If you are involved with older inmates, you should read this publication. While it is focused on Great Britain, it contains a wealth of information pertinent to the management of elderly offenders. “This resource pack was created so that peer support workers, disability liaison officers, older offender and wing officers could use its contents to implement good practice ideas and set up activities in their establishments for older prisoners ... The pack should also be used to raise awareness among colleagues of the health problems the older prisoner population is prone to and of some of the practical things they can do to make their lives easier” (p. 5).
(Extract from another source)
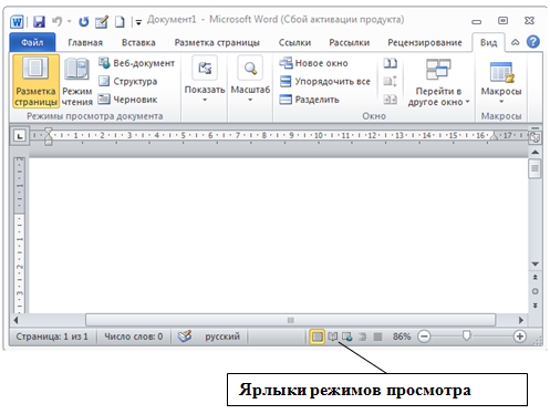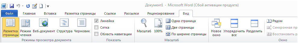 Также переключаться между режимами просмотра документа можно на вкладке Вид. Группа Режимы просмотра документа содержит кнопки для выбора основных режимов
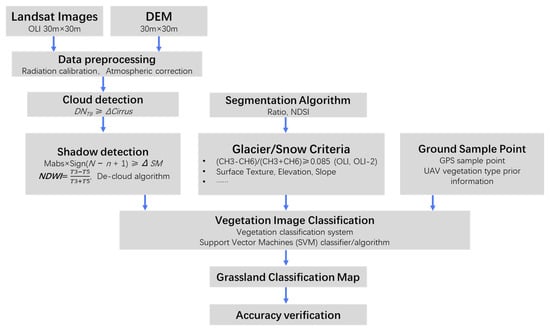 Currently, the most popular algorithms for remotely sensing vegetation classification are multispectral remote sensing compositions, which capture the characteristics of land cover and acquire the classification results more easily compared with radar images and hyperspectral images. In addition, they are low in cost, have high time efficiency, and are suitable for multi-objective and multi-demand-driven vegetation classifications [,,,]. Although multispectral remote sensing images always have a broad field of view and cover a large land surface area, their temporal resolution is coarse [,]. Frequent cloudy weather will severely limit the production of high-quality remote sensing images by optical sensors, especially in the Sanjiangyuan region of the Qinghai–Tibetan Plateau [,]. As these regions have high elevation and alpine, rainy climates, most of the remote sensing images are more or less affected by clouds and snow, which seriously affect the identification and classification algorithms of subsequent images [,,]. In addition, these regions have high elevations and are commonly frigid during the year. Accordingly, the vegetation growing season is extremely short. Cloud-free and snow-free remote sensing images are relatively scarce in the growing season []. Snow coverage and glaciers are the other crucial influencing factors for vegetation classification accompanied by frequent clouds in these regions [,]. How to effectively remove the influence of cloud and snow on images is particularly critical in image processing and application. Therefore, minimizing or removing the influence of cloud and snow is the basis for the accurate interpretation of remote sensing images and is a meaningful way to make remote sensing data reasonable and effective [,,].

It is divided into four parts.
- Part 1. Background: facts and figures; what it is like to be an older person in prison; and reviews of conditions for older prisoners.
- Part 2. Health and Health Aging: normal ageing and its symptoms; what is affected by normal ageing; how to age healthily; and recognizing and responding to illnesses common among older prisoners-back pain, cancer, breast cancer, prostrate cancer, skin cancer, dementia, depression, diabetes, glaucoma, hypertension, incontinence, menopause, osteoporosis, Parkinson’s disease, and shingles.
- Part 3. Good Practice Ideas: environment adaptations, visits and visitors, and an officer for older prisoners; activities; healthcare; and resettlement.
- Part 4. Information and Advice: general; activities, learning, and exercise; disability and rehabilitation; employment; finance; health, illness, and disease; housing; and welfare.